Work to be completed: Within the material below, transcribe exactly the lines from the one holding "落石に注意しながらさらに進む" through the one holding "Poner en el", keeping both ends and skipping the rest.

Exercise data:
○ ○ ○ ○

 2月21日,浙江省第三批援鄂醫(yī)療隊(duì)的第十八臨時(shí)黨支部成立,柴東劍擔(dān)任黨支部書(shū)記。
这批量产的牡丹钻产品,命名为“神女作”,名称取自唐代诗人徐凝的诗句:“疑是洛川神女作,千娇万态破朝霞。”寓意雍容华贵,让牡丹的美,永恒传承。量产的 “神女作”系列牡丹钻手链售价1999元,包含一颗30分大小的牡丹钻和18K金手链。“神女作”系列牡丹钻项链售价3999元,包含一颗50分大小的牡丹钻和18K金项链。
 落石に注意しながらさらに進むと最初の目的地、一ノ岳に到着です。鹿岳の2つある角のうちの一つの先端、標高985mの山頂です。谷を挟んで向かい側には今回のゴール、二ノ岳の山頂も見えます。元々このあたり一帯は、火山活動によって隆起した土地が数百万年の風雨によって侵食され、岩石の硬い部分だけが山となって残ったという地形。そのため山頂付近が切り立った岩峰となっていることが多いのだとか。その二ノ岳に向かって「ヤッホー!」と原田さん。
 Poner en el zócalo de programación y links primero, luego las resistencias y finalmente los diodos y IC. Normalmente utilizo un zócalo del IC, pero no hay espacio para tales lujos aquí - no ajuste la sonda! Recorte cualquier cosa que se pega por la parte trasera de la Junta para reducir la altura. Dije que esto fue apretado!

○ ○ ○ ○

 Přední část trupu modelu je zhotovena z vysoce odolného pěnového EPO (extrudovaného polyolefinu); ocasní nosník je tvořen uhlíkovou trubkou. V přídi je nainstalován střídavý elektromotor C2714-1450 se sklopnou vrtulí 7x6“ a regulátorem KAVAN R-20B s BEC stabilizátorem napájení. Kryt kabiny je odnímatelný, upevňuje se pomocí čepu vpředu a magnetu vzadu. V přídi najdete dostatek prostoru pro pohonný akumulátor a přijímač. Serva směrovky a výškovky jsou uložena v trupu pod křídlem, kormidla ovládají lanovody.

○ ○ ○ ○

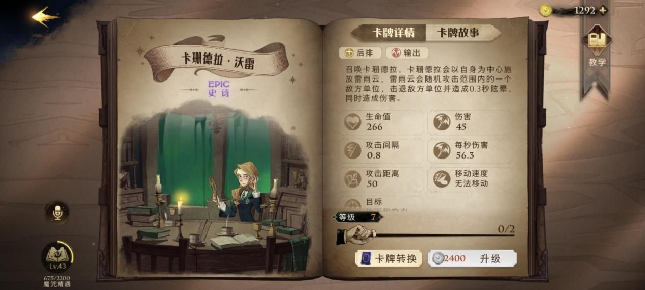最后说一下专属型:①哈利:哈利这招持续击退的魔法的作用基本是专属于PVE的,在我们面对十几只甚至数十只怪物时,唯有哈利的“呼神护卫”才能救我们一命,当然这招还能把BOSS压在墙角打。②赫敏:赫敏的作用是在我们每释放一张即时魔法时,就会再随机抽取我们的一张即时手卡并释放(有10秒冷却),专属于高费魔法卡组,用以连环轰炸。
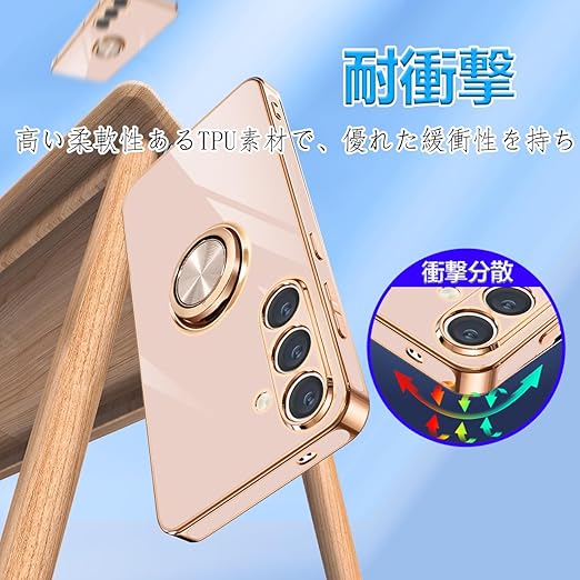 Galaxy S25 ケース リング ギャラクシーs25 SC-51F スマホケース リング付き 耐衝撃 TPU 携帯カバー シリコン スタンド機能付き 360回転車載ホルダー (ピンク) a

○ ○ ○ ○

Output below:
 落石に注意しながらさらに進むと最初の目的地、一ノ岳に到着です。鹿岳の2つある角のうちの一つの先端、標高985mの山頂です。谷を挟んで向かい側には今回のゴール、二ノ岳の山頂も見えます。元々このあたり一帯は、火山活動によって隆起した土地が数百万年の風雨によって侵食され、岩石の硬い部分だけが山となって残ったという地形。そのため山頂付近が切り立った岩峰となっていることが多いのだとか。その二ノ岳に向かって「ヤッホー!」と原田さん。
 Poner en el zócalo de programación y links primero, luego las resistencias y finalmente los diodos y IC. Normalmente utilizo un zócalo del IC, pero no hay espacio para tales lujos aquí - no ajuste la sonda! Recorte cualquier cosa que se pega por la parte trasera de la Junta para reducir la altura. Dije que esto fue apretado!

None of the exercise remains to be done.